Uma Maheswara Rao G resolved HDDS-9126.
---------------------------------------
    Resolution: Fixed

Resolving this as corresponding PR is merged.

> [ozone-snapshot] Unordered deletion of snapshots corrupting OM
> --------------------------------------------------------------
>
>                 Key: HDDS-9126
>                 URL: https://issues.apache.org/jira/browse/HDDS-9126
>             Project: Apache Ozone
>          Issue Type: Bug
>          Components: Ozone Manager
>            Reporter: Soumitra Sulav
>            Assignee: Sadanand Shenoy
>            Priority: Critical
>              Labels: ozone-snapshot, pull-request-available
>             Fix For: 1.4.0
>
>         Attachments: console.log, ozone-om-quasar-csvjze-1.log, 
> ozone-om-quasar-csvjze-2.log, ozone-om-quasar-csvjze-3.log, 
> ozone-scm-quasar-csvjze-1.log, ozone-scm-quasar-csvjze-2.log, 
> ozone-scm-quasar-csvjze-3.log
>
>
> Test scenario :
> The test test_unordered_deletion is trying to delete snapshots in random 
> order.

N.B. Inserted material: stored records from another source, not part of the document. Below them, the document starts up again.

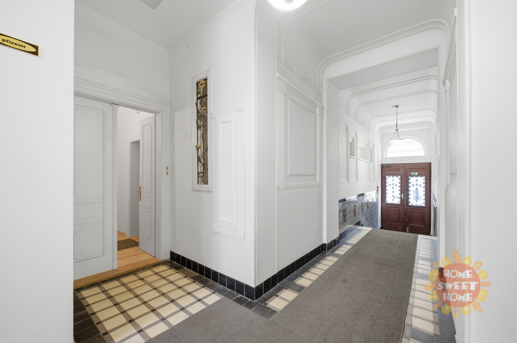 Nezařízený byt 2kk po rekonstrukci o rozloze 51,85 m2 se nachází ve zvýšeném přízemí secesního domu: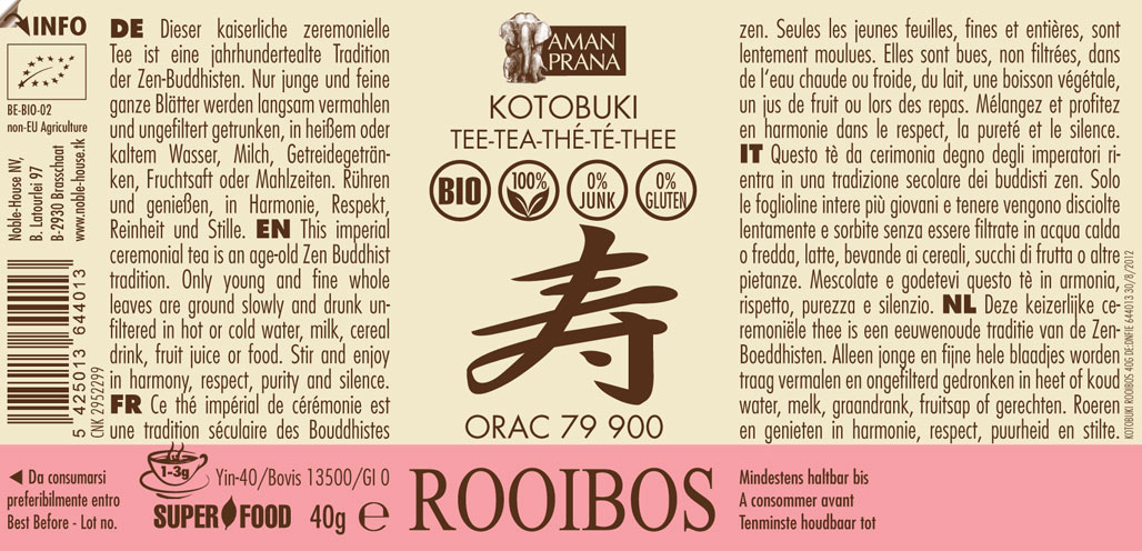 Amanprana Rooibos provient de 200 agriculteurs africains de Clanwilliam dans la région de Cederberg, à 200 km du Cap. Ce Rooibos est sélectionné par des experts en fonction de son parfum, de sa longueur, de sa couleur, de son goût et de sa valeur pour la santé.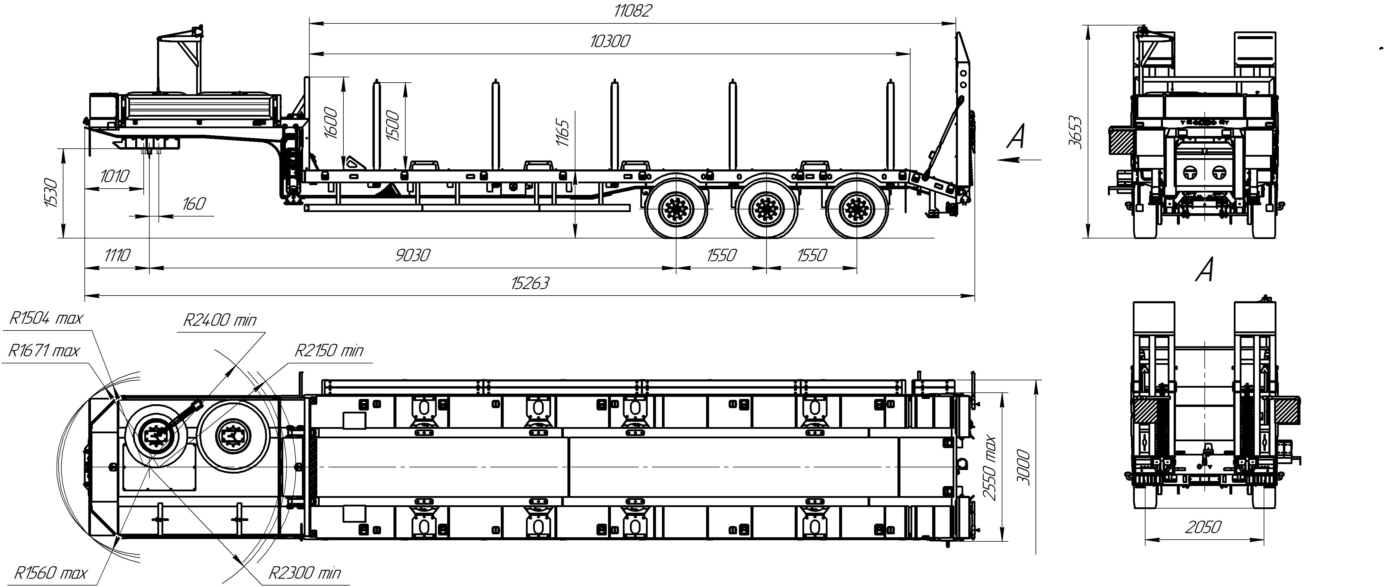 39000 кг, шины 385/65R22,5 или 445/65R22,5 / 6+1, платформа 11080 до трапов) x 2500 с уширителями до 3000 мм, ССУ 1510 мм, пневматическая или рессорная подвеска, съемные стойки 1500 мм, механические трапы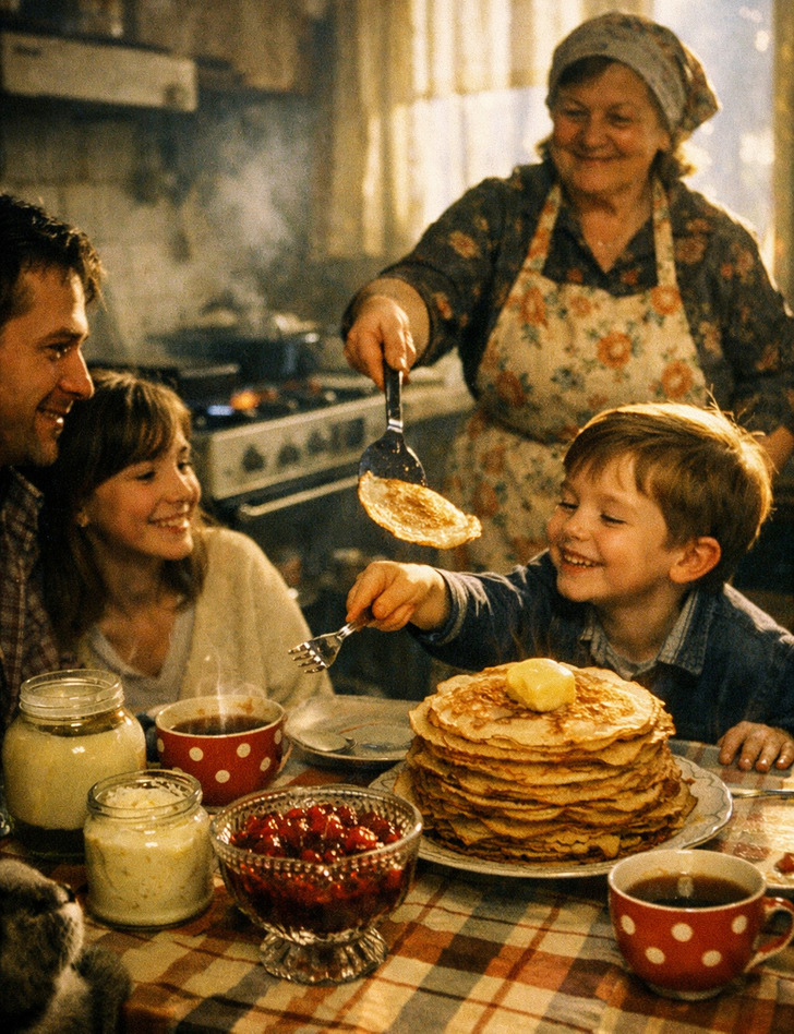 Хрустальная розетка с бабушкиным вареньем, банка сгущенки и кусочек сливочного масла на самой верхушке блинчиков. Самое сложное было — успеть схватить блин с хрустящим краешком, пока за добавкой не потянулись остальные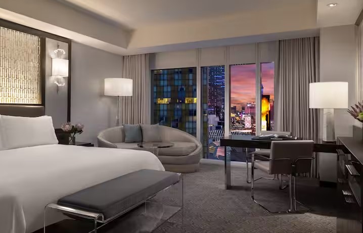 Один из лучших отелей Лас Вегаса является частью современного комплекса CityCenter, расположенного в самом центре города, на знаменитой улице Las Vegas Strip в двух шагах от основных мест притяжения Лас-Вегаса: казино, концертных залов, знаменитых ресторанов и торговых центров. Здание отеля соединено переходом с торговым центром Crystals, где расположены бутики самых престижных торговых марок.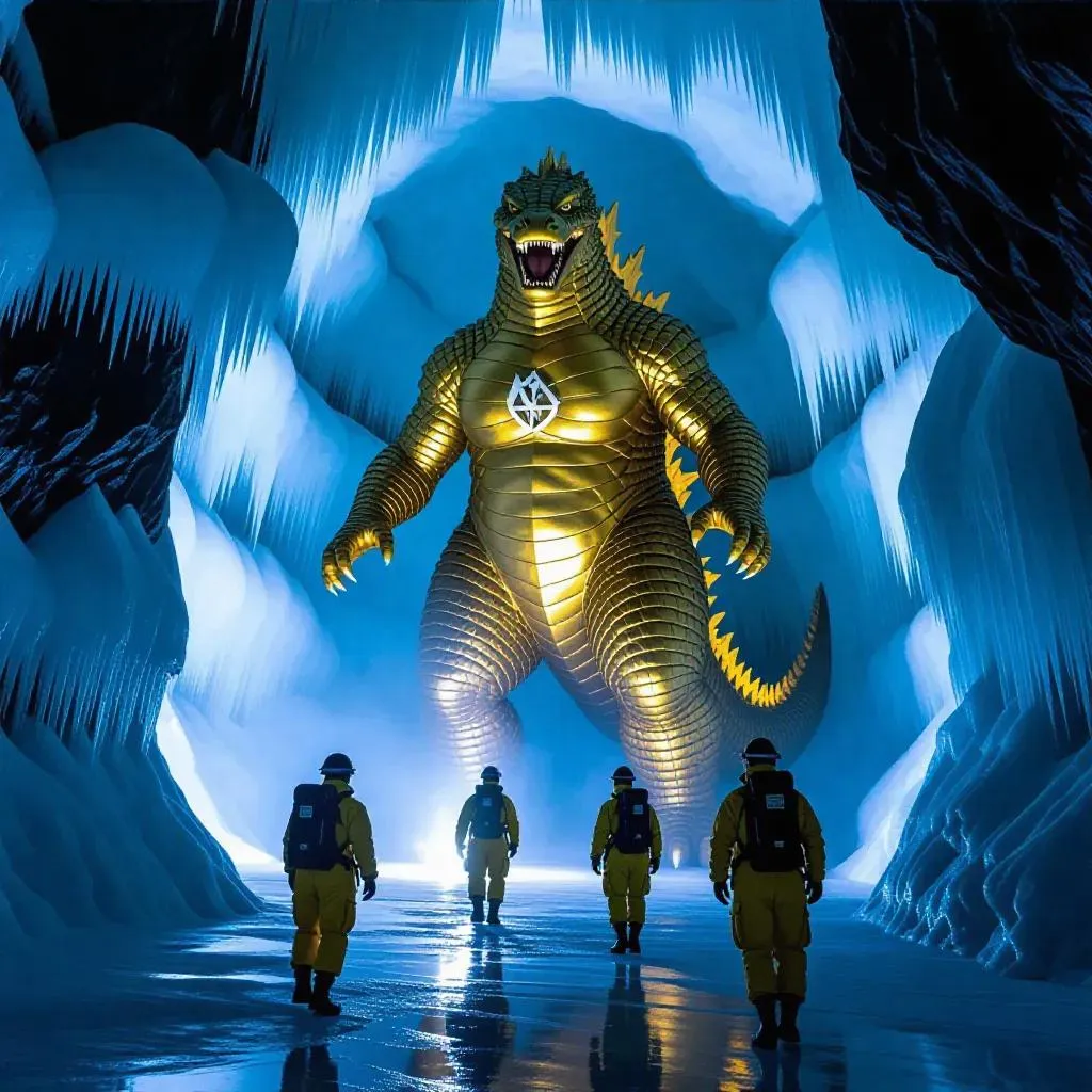 Transform your vision into vivid AI-generated art: a colossal golden Godzilla statue towers in an icy cave, surrounded by intricate ice patterns and explorers in yellow suits. Create stunning contrasts of scale and light with text-to-image AI tools, blending mythical grandeur with dynamic exploration scenes. Perfect for fantasy visuals and professional-grade digital artistry.

And while doing so, we are hitting below exception with OM more often 
> than not.
> Once the error is seen, the OM goes into an unhealthy state, and all the 
> tests after this couldn't run.
> Snapshot is deleted :
> {code:java}
> 2023-08-06 06:33:27,113 INFO [OM StateMachine ApplyTransaction Thread - 
> 0]-org.apache.hadoop.ozone.om.request.snapshot.OMSnapshotDeleteRequest: 
> Deleted snapshot 'snap-ae5or' under path 'vol-w19gk/buck-f9sqw'
> {code}
> And soon after during copy
> {code:java}
> 2023-08-06 06:39:06,314|INFO|MainThread|machine.py:188 - 
> run()||GUID=5210f279-e5c7-4ee9-b652-b49a6b0eb07a|RUNNING: 
> /opt/cloudera/parcels/CDH/bin/ozone fs -cp 
> ofs://ozone1/vol-w19gk/buck-f9sqw/.snapshot/snap-5qmtv/key_1691303390 
> ofs://ozone1/vol-w19gk/buck-f9sqw/
> {code}
> OM log stacktrace:
> {code:java}
> 2023-08-06 06:33:38,126 INFO 
> [SstFilteringService#0]-org.apache.hadoop.hdds.utils.db.RocksDatabase: 
> Deleting sst file /000396.sst corresponding to column family keyTable from 
> db: 
> /var/lib/hadoop-ozone/om/data293349/db.snapshots/checkpointState/om.db-0ccb08e9-c5ab-45bb-a71e-8444a2142511
> 2023-08-06 06:33:38,127 INFO 
> [SstFilteringService#0]-org.apache.hadoop.hdds.utils.db.managed.ManagedRocksObjectUtils:
>  Waited for 1 milliseconds for file 
> /var/lib/hadoop-ozone/om/data293349/db.snapshots/checkpointState/om.db-0ccb08e9-c5ab-45bb-a71e-8444a2142511/000396.sst
>  deletion.
> 2023-08-06 06:34:37,938 INFO 
> [SstFilteringService#0]-org.apache.hadoop.ozone.om.snapshot.SnapshotCache: 
> Loading snapshot. Table key: /vol-w19gk/buck-f9sqw/snap-ae5or
> 2023-08-06 06:34:37,938 INFO 
> [SstFilteringService#0]-org.apache.hadoop.ozone.om.helpers.OmKeyInfo: 
> OmKeyInfo.getCodec ignorePipeline = true
> 2023-08-06 06:34:37,989 ERROR 
> [SstFilteringService#0]-org.apache.hadoop.ozone.om.SstFilteringService: Error 
> during Snapshot sst filtering
> FILE_NOT_FOUND org.apache.hadoop.ozone.om.exceptions.OMException: Unable to 
> load snapshot. Snapshot with table key '/vol-w19gk/buck-f9sqw/snap-ae5or' is 
> no longer active
>     at 
> org.apache.hadoop.ozone.om.snapshot.SnapshotCache.get(SnapshotCache.java:205)
>     at 
> org.apache.hadoop.ozone.om.snapshot.SnapshotCache.get(SnapshotCache.java:151)
>     at 
> org.apache.hadoop.ozone.om.SstFilteringService$SstFilteringTask.call(SstFilteringService.java:178)
>     at 
> org.apache.hadoop.hdds.utils.BackgroundService$PeriodicalTask.lambda$run$0(BackgroundService.java:121)
>     at 
> java.util.concurrent.CompletableFuture$AsyncRun.run(CompletableFuture.java:1640)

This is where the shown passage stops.